Publizierte Werke (Auswahl)
- Alcsúti ásatások (Ausgrabungen in Alcsút), Archaeologiai Értesítő (Archäologisches Bulletin), 1872
- Növényhonosítási kísérletek Fiumében 1881-től 1885-ig (Experimente zur Pflanzenkultivierung in Fiume von 1881 bis 1885), Klausenburg, 1885
- Egy rendkívüli tél hatása Fiumében (Die Wirkung eines außergewöhnlichen Winters in Fiume), Klausenburg, 1886
- Czigány nyelvtan (Grammatik der Zigeunersprache), Budapest 1888
- Eredeti cigány levelek (Echte Zigeunerbriefe), Egyetemi/es Philologiai Közlöny (Allgemeines Mitteilungsblatt für Philologie) 1890
- Háladatos cigányok, mint életmentők (Dankbare Zigeuner, als Lebensretter), Budapest, 1891
- Arborethum Alcusthiense. Az alcsúthi kertben honosított fák és cserjék leltára (Katalog der in Alcsuter Garten gepflanzten Bäume und Sträucher), Klausenburg 1892
- Észleletek az Alcsúton letelepedett sátoros cigányokról (Wahrnehmungen über die in Alcsút zeltenden Zigeuner), Budapest, 1893
- gem. mit Henrik Wloslocki: A cigányokról. A cigányok történelme, életmódja, néphite, népköltése, zenéje, nyelve és irodalma (Über die Zigeuner. Geschichte, Lebensweise, Volksglaube, Volksdichtung, Musik, Sprache und Literatur der Zigeuner), Budapest 1894
- Thiere im Glauben der Zigeuner, Urquell, 1895
Nachkommen
Am 12. Mai 1864 in Coburg heiratete er Clotilde von Sachsen-Coburg und Gotha (1846–1927), mit der er folgende Kinder hatte:
- Elisabeth Klementine (1865–1866)
- Maria Dorothea (1867–1932)
- ⚭ 1896 Herzog Philipp von Orléans (1869–1926)

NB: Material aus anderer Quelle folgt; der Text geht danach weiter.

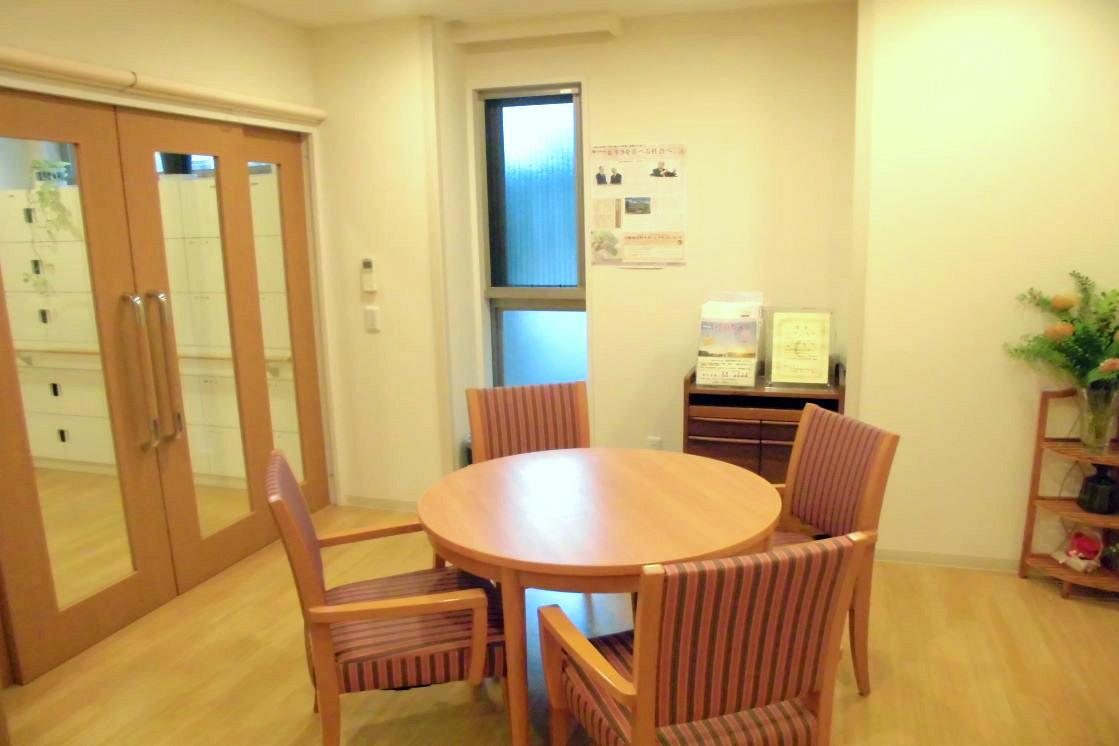1Fエントランスホール横にラウンジをご用意しております。ご入居者様とご家族様が、お茶を一緒に飲みながらお話されたり、一緒の時間を過ごしていただける憩いのスペースとなっております。
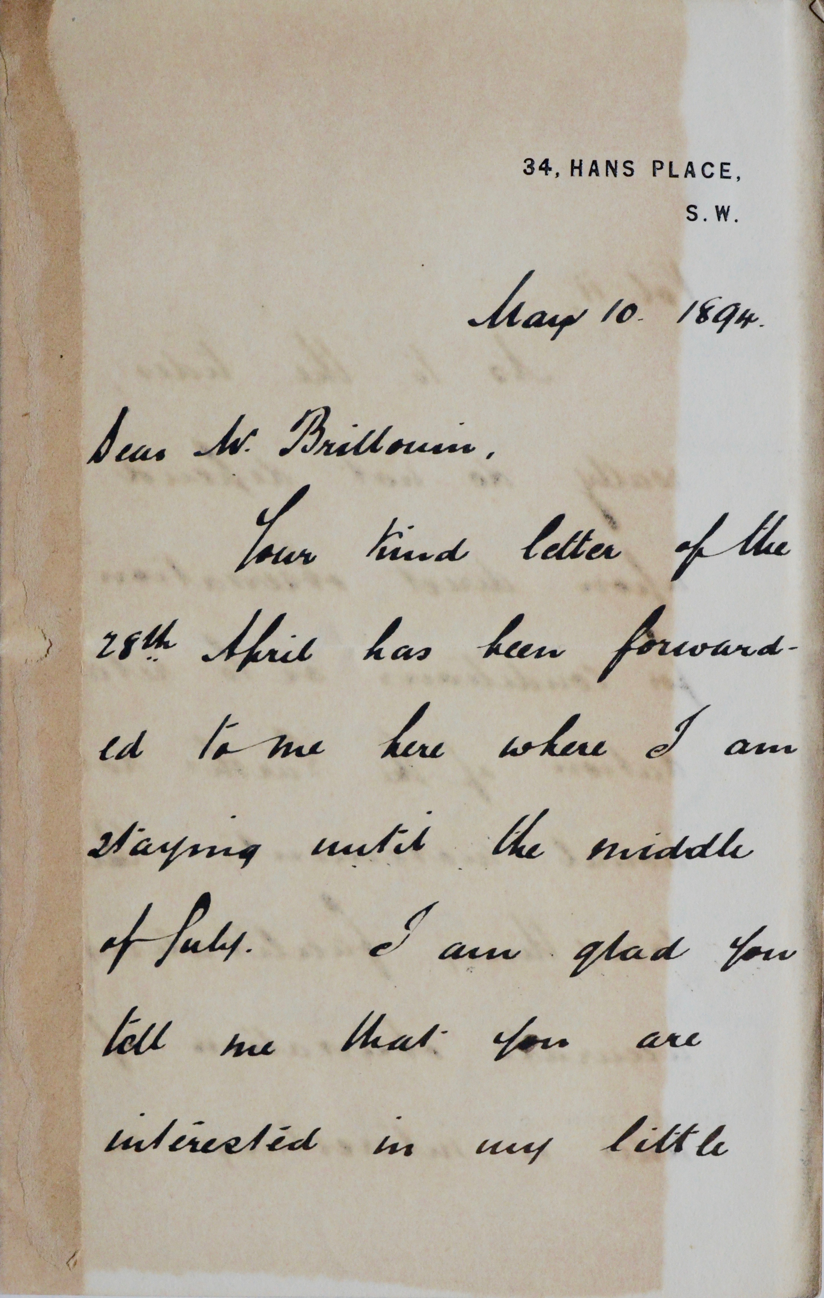Encre noire sur double feuillet de papier vergé filigrané. En-tête imprimé "34,Hans Place, S.W.".
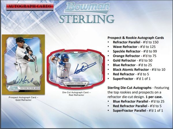 Sterling Die-Cut Autographs: Featuring the top rookies and prospects on a refractor die-cut design. 1 per case.
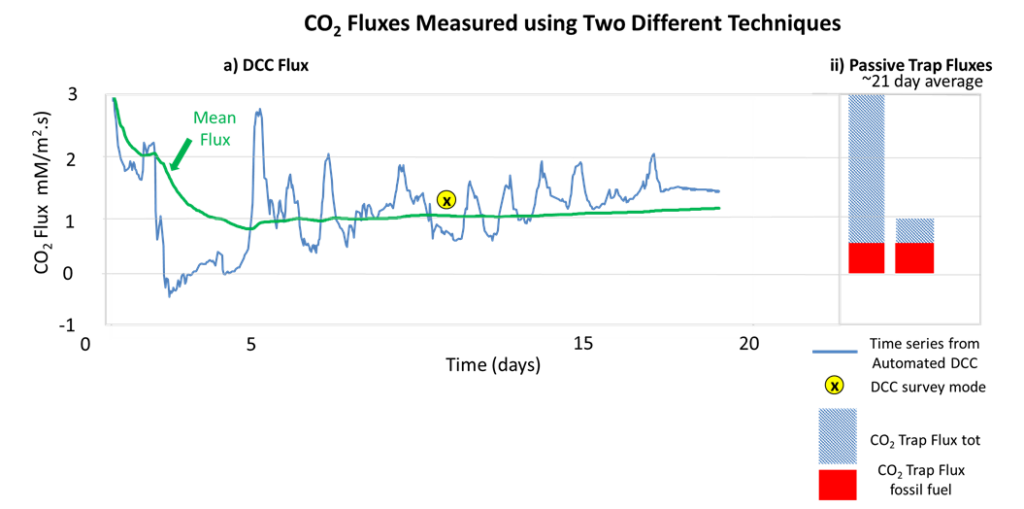 Differences in measured NSZD rates using multiple techniques can be difficult to reconcile, especially when the basis for these measurements is different. Many of the available methods are single time measurements (such as DCC), while others are time-integrated measurements (the passive CO2 trap). The way that these measurements account for the sources of noise is also different. Some include a site-wide single value (the background location), while others use a location-specific value (for example the radiocarbon correction for CO2 fluxes). Signal shredding and the lack of discussion about the characteristic scale of these processes create a very uneven field for these different techniques. No wonder practitioners have difficulty reconciling different measurement techniques. This should not be taken as a lack of repeatability of the methods themselves. For example, radiocarbon-corrected CO2 fluxes using passive CO2 trap data are within a few percentage points of each other (see Figure 3).

- Margarethe Klementine (1870–1955)
- ⚭ 1890 Fürst Albert von Thurn und Taxis (1867–1952)
- Joseph August (1872–1962)
- ⚭ 1893 Prinzessin Auguste Maria Luise von Bayern (1875–1964)
- Ladislaus Philipp (1875–1895)
- Elisabeth Henriette (1883–1958)
- Clothilde Maria (1884–1903)
Literatur
- Constantin von Wurzbach: Habsburg, Joseph Karl Ludwig. In: Biographisches Lexikon des Kaiserthums Oesterreich. 6. Theil. Kaiserlich-königliche Hof- und Staatsdruckerei, Wien 1860, S. 330 f. (Digitalisat).
- Joseph Carl Ludwig. In: Österreichisches Biographisches Lexikon 1815–1950 (ÖBL). Band 3, Verlag der Österreichischen Akademie der Wissenschaften, Wien 1965, S. 134 f. (Direktlinks auf S. 134, S. 135).
- Die Habsburger – Ein biographisches Lexikon (Brigitte Hamann), Wien 1988, ISBN 3-492-03163-3, S. 193 f.